TO DO — Skip any pictures. Repeat the data exactly, from its first line through the line that holds "Вас ждет настоящее", both included.

DATA EXTRACT —
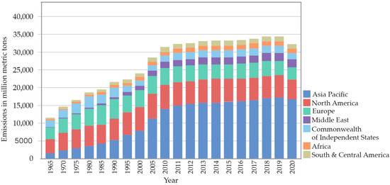 Emission of CO2 per region [13].
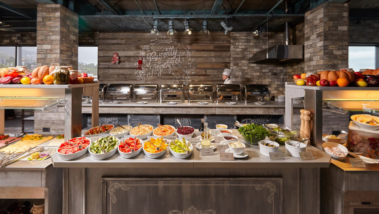 Вас ждет настоящее гастрономическое изобилие в формате «Шведский стол». Классические закуски, салаты, супы, горячее и десерты, тематическое меню разных стран мира, Крымская кухня и местные деликатесы, блюда для детей и безлимитные прохладительные напитки.
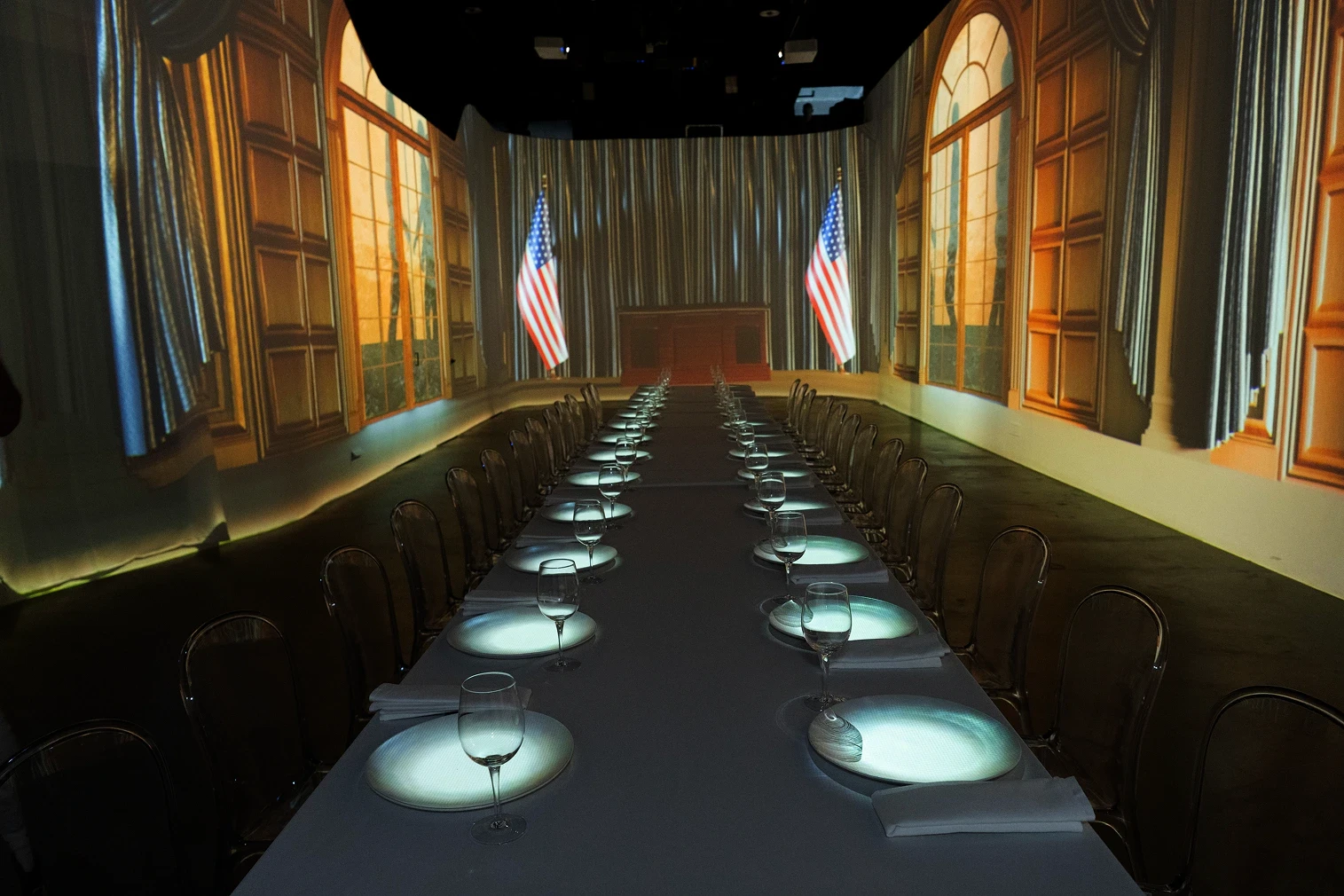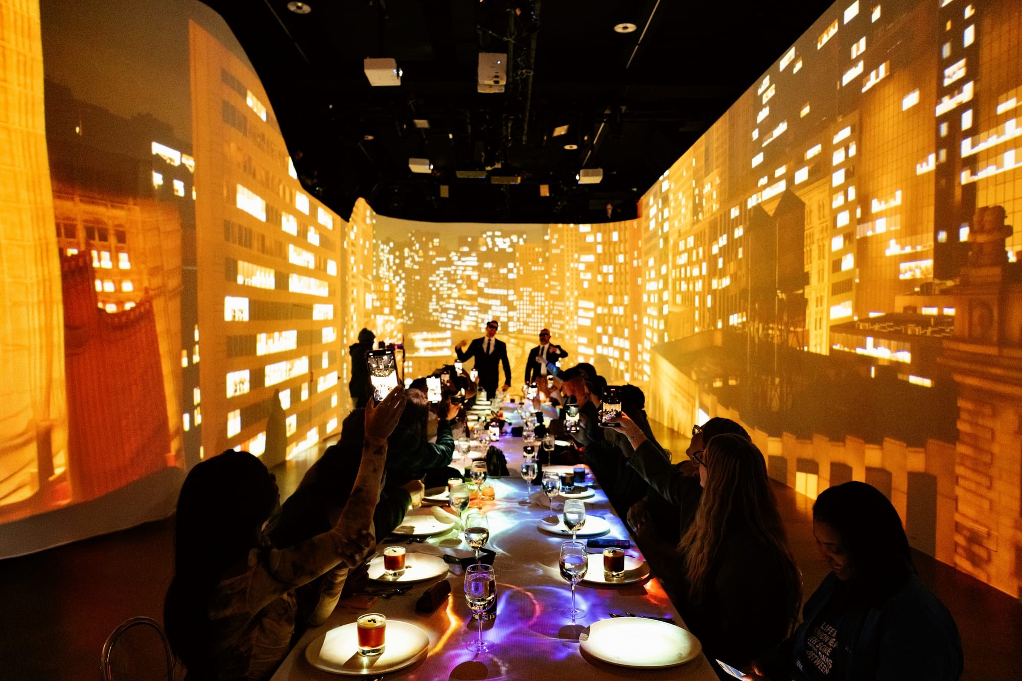 Our team designs custom 360° projection content that transforms the space around your guests. Visuals can shift between courses, creating a multi-chapter dining journey.
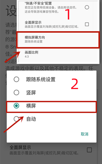 点击【模拟屏幕方向】→选中【横屏】
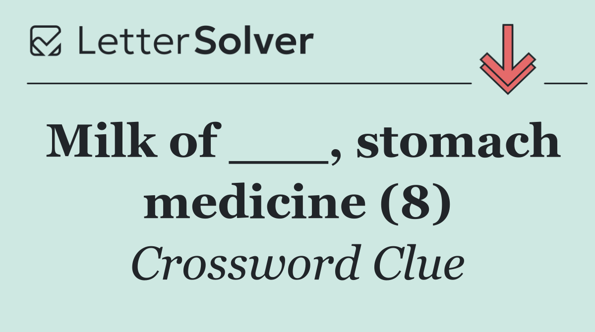 We specialize in solving many of your favorite puzzles, including the New York Times, USA Today, LA Times, Daily Themed Crosswords, and more. The "Milk of ___, stomach medicine (8)" clue from the Puzzler puzzle, May 24 edition, is one such example.
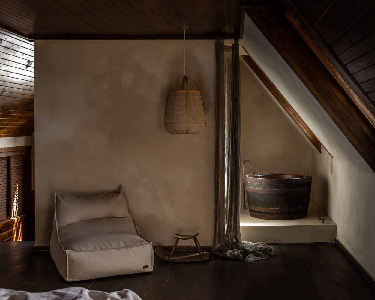 Apart from a few objects, we designed and made everything ourselves, from furniture to joinery, a concrete basin, upholstery and leather work, all created specifically for the space. Using natural and raw materials creates a deliberate connection with the surrounding landscape, combined with refined design principles creates a space of calm and tranquility.
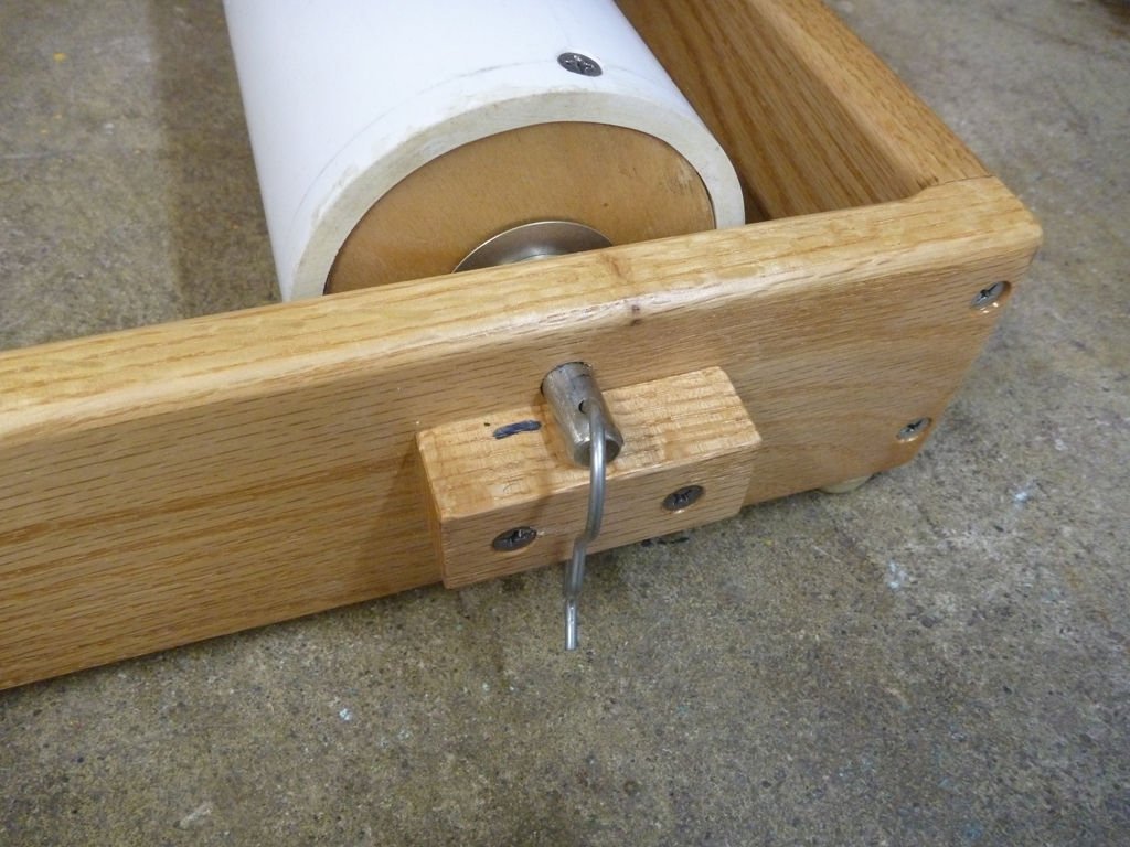 Передний ролик конструкции располагается почти у самой передней грани деревянного каркаса – это нужно для упора переднего колеса. Одно из преимуществ данного типа тренажера кроется в том, что есть возможность сразу установить механизм регулирования нагрузки.

ANSWER SECTION —
 Emission of CO2 per region [13].
 Вас ждет настоящее гастрономическое изобилие в формате «Шведский стол». Классические закуски, салаты, супы, горячее и десерты, тематическое меню разных стран мира, Крымская кухня и местные деликатесы, блюда для детей и безлимитные прохладительные напитки.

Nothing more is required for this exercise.